Case Name: Robert A. B. Dobyns, Appellant, v. The Commercial Trust Company, Respondent
Court: New York Supreme Court, Appellate Term
Jurisdiction: New York
Decision Date: 1906-04
Citations: 50 Misc. 629
Docket Number: 
Parties: Robert A. B. Dobyns, Appellant, v. The Commercial Trust Company, Respondent.
Judges: 
Reporter: New York Miscellaneous Reports
Volume: 50
Pages: 629–630

Head Matter:
Robert A. B. Dobyns, Appellant, v. The Commercial Trust Company, Respondent.
Appeal—Time of taking — Notice of entry of judgment — Premature notice — Costs not taxed.
Appeal by the plaintiff from an order of the City Court of the city of ¡Mew York, denying a motion to compel defendant to accept a notice of appeal.
Alexander S. Bacon, for appellant.
John J. O’Connell, for respondent.

Opinion:
Bischoff, J.
The defendant's assertion, that the plaintiff's time to appeal had expired when the notice of appeal was served, was based upon the technical sufficiency of the entry of judgment and notice of entry to set the time running.

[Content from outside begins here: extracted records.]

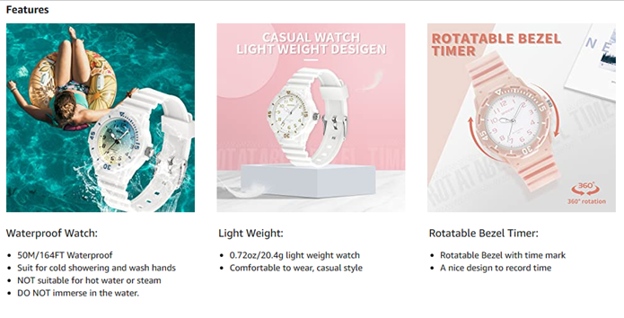 • 50M Waterproof Watch: No worry about swimming, rain or washing hands. but please DO NOT press any buttons in the water and not for hot water.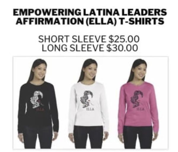 ELLA logo V-neck T-shirts are available in two styles: the short-sleeve cotton tee ($25) and the long-sleeve soft polyester tee ($30). Please note that the pink shade may vary slightly depending on the manufacturer. When ordering, make sure to select the correct price and include your preferred style, color, and size. For now, these T-shirts are only available through this website or during ELLA events. If you would like to order more than six shirts, please contact us for group discount options.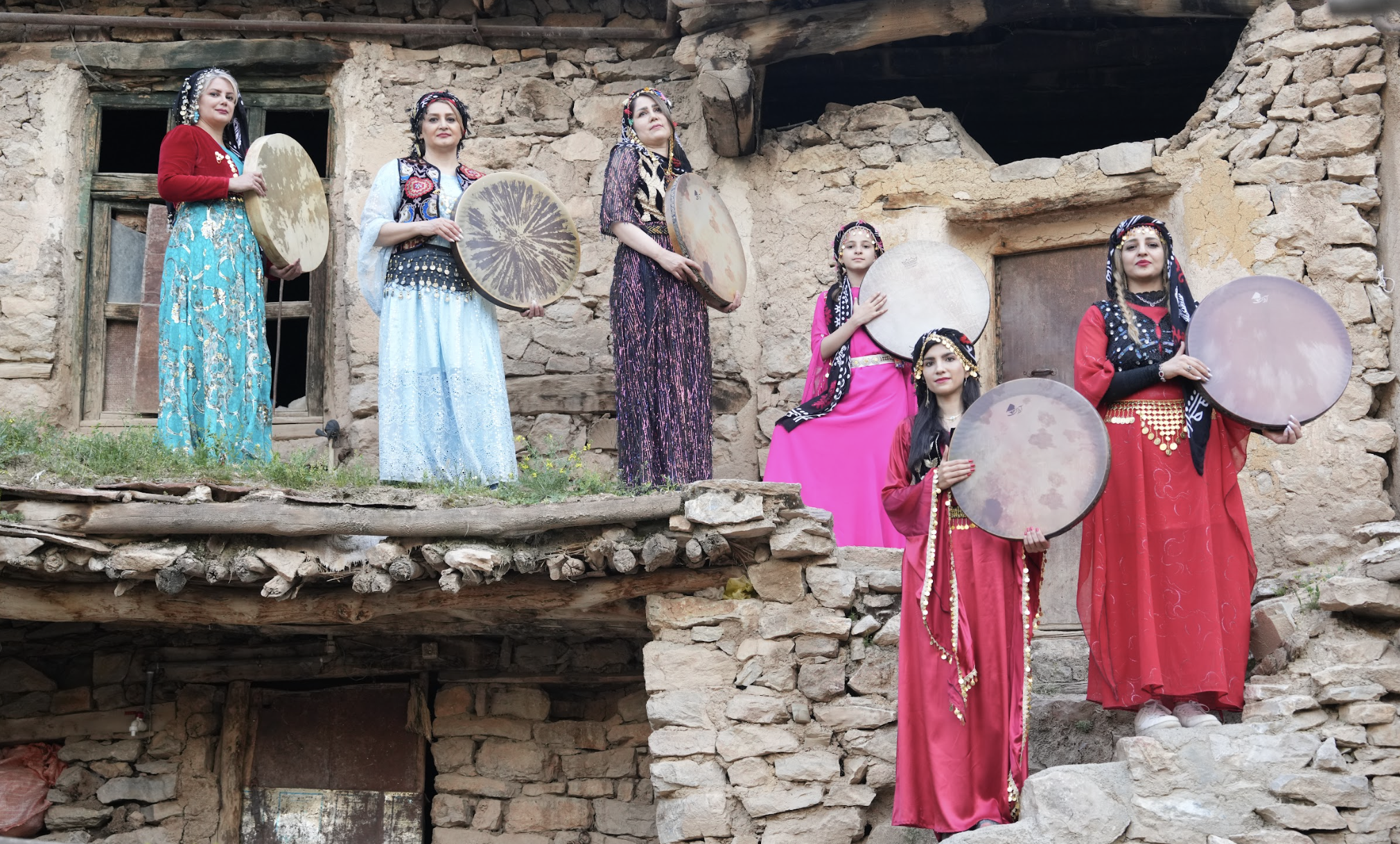 On the morning of April 20, the festival begins at 10:00 am. As the sun rises over Palangan, Daf players – men and women, young and old – take their places.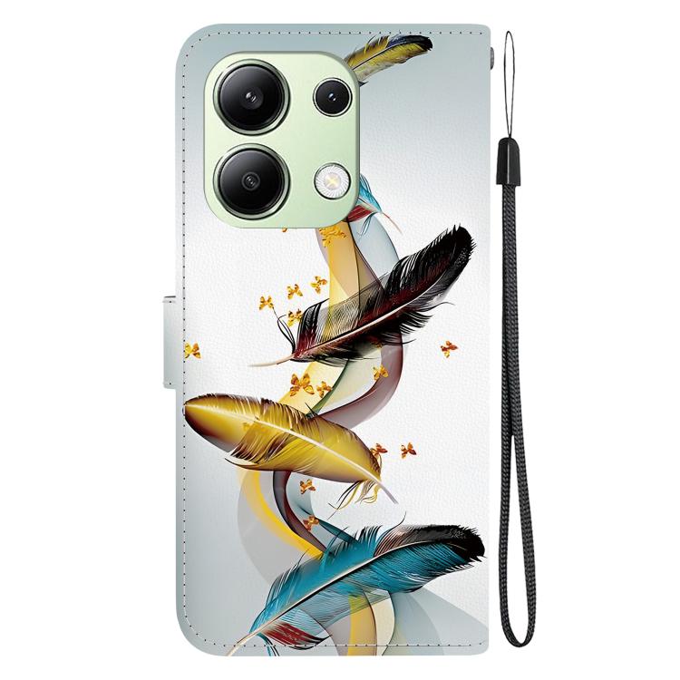 Funda de Cuero con Dibujo de Colores y Textura de Cristal Global para Redmi Note 13 4G (Plumas de Mariposa Doradas)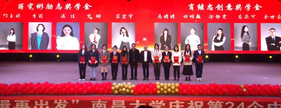 11月8日晚,南昌大学庆祝第24个中国记者节文艺晚会“启航新征程、奋楫再出发”开幕。晚会前举行了“蒋宪彬励志奖学金”“肖继忠创意奖学金”颁奖仪式,晚会中穿插了“新火之星”学生先进典型颁奖仪式,以勉励广大新传学子向先进模范学习,争做新时代优秀青年。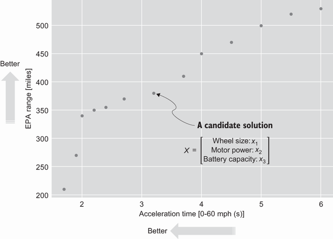 - Multi-objective: optimize several, often conflicting, criteria (e.g., minimize EV 0–60 time and maximize EPA range). Two common approaches: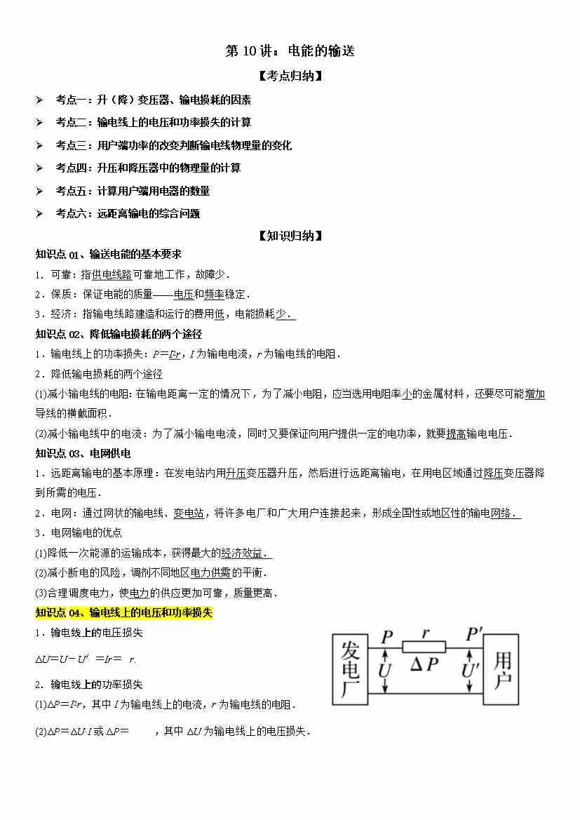 第10讲:电能的输送 学生版

If the time had commenced to run when the notice of entry was served, the plaintiff was in default and could not be relieved; but where, as here, the bare technicality is asserted, the court is to give the intending appellant the benefit of any technicalities which may serve him, so far as the steps taken by his adversary may have been insufficient to fix the time for an appeal. Livingston v. N. Y. El. R. Co., 69 Hun, 474.
In the present case it appears that, when the notice of entry was served, the costs to be inserted in the judgment, taxed without notice, were noticed by the defendant for re-taxation a day later, the notice of re-taxation being served with the notice of entry; computing the time to appeal from the time of service of the notice of entry, the plaintiff's notice of appeal was twenty-four hours late.
The entry of the judgment with the adjustment of costs still open, however, did not suffice to support a notice of entry which would operate to limit the time to appeal. The point has been directly decided (DeMott v. Kendrick, 63 Hun, 112), and the plaintiff was entitled to jhe order which he sought.
Soott and Tbuax, JJ., concur.'
Order reversed, with ten dollars costs and disbursements, and motion granted, with ten dollars costs.